Categories Environment

What Residential Recycling Can Teach Us About the Larger World

Learning is a lifelong experience. It occurs whether we voluntarily participate or not. It is interesting to note that people are more apt to admit how much they don’t know as they get older. Equally interesting is the reality that so many people seem so disinterested in learning more about the larger world. Residential recycling offers an adequate illustration.

Residential recycling involves things like glass jars, paper products, and certain types of plastics. People put their recyclables into a small bin that gets put out to the curb on garbage day. In theory, recycled materials are collected separate from trash. They are taken to a recycling facility for processing.

It is all pretty simple to understand. But note that things are rarely exactly as they seem. Sometimes the differences between what we perceive and the actual reality of a situation are vast. The differences between our residential recycling efforts and the final destination of recycled materials illustrates the point perfectly.

Save the Planet by Recycling

Residential recycling got its start back in the late 1970s. The green activists of the day promoted curbside recycling as a way to help save the planet.
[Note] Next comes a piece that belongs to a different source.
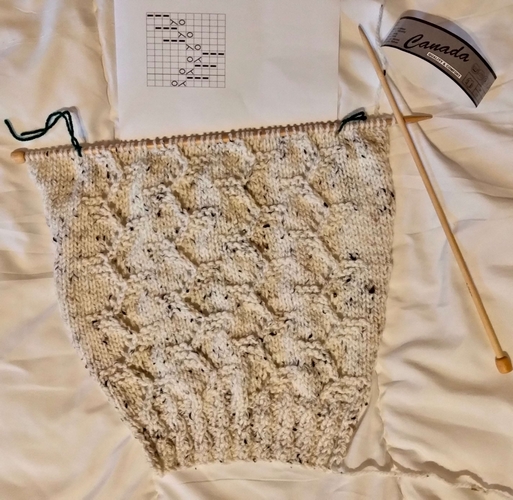 Nouveau point dans la bibliothèque : https://logiciel.kit-tricot.com/bibliotheque/0150 Début d’un nouveau modèle : Le modèle se commence par un poignet et se termine par l’autre poignet. Une seule pièce. Avant de commencer le modèle j’ai créé le logiciel qui me permettra de réaliser ce modèle avec n’importe quel fil et dans n’importe quelle taille. Comme tous les autres logiciels déjà créés, il sera dans le site https://logiciel.kit-tricot.com/ en accès illimité avec votre abonnement annuel. Le modèle aura cette forme : J’ai donc commencé par une manche, avec le fil Canada, aux aiguilles à tricoter n°5. Mon échantillon (avec le point 0150 ci dessus et aux aiguilles n°5) : 40 mailles mesure…
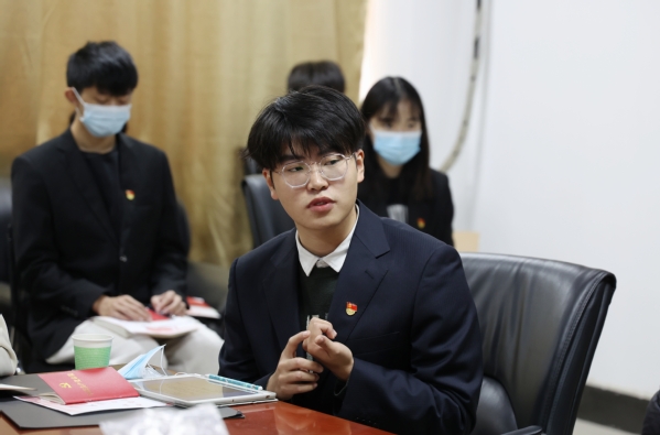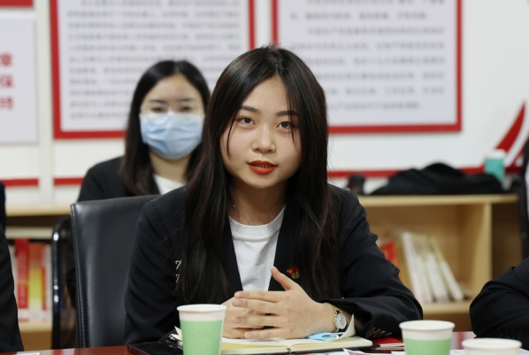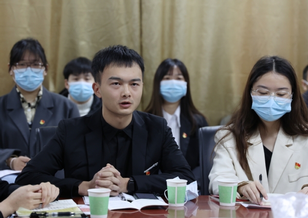 文法学院分团委组织部部长李嘉雯就共青团和共产党的紧密关系发表了感想。在分团委组织期间,李嘉雯负责着智慧团建“党史学习教育”、青年大学习等工作,这些工作将团组织与党组织紧密联系在一起,不断深化青年对中国共产党的认识,引导广大团员青年积极向党组织靠拢。李嘉雯结合自己在宪法宣传日开展活动以及疫情期间身边亲人奋斗在抗疫一线的故事也说道,我们作为一名大学生要把学习放在首位,只有掌握过硬的专业知识才能更好地服务于社会。

If you went to grade school during that time, you probably remember your teachers devoting a lot of time to the recycling topic.

Fast-forward some 50 years and American culture remains sold-out on the idea of curbside recycling. People who faithfully put the recycling bin out to the curb every week do so based on an assumption that everything in their bins will be recycled. But that’s not reality.

The majority of uncontaminated glass and paper products are easily recycled. Both materials can be recycled profitably as well. You cannot say that about plastic. Plastic recycling is so inefficient and resource-hungry that more than 90% of the world’s plastics never get recycled. Even the plastic that goes to your municipal recycling center ultimately winds up in a landfill or an incinerator.

Terrible Profitability Ratios

The profitability ratios of curbside recycling are such that the practice is not worthwhile. Companies spend far too much money to recover plastics from residential programs. They cannot make up that money by selling recycled materials to manufacturers. And even in the rare instances in which companies could recover their costs, they still don’t make enough profit.

Contrast that to industrial plastic recycling, a business that thrives across the country. Industrial plastic recycling only deals with clean, separated plastics that do not require labor-intensive sorting, transport, and additional cleaning. Seraphim Plastics, a Tennessee scrap plastic recycler, explains why it works.

According to Seraphim, not having to separate plastics eliminates a substantial chunk of the manual labor. Second, focusing only on clean plastics means recycled materials can be processed and immediately sold. There is no long, drawn out process in between. Therefore, recycling industrial scrap plastic is highly profitable. That is why it works.

Reality Is Far Different

Comparing residential and industrial recycling programs reveals one of the fundamental lessons of life: things are rarely as they seem. What we perceive in our day-to-day lives barely scratches the surface. So many issues of life are incredibly complex. We cannot know the whole story just by what our senses tell us. As a result, most of us have no idea about what really goes on around us.

Residential recycling is a good example of everything not being as it seems. It is a concept that does not work, yet most people mistakenly believe it does. Unfortunately, we cannot see beyond recycling bins to fully understand what happens to materials after they leave our homes.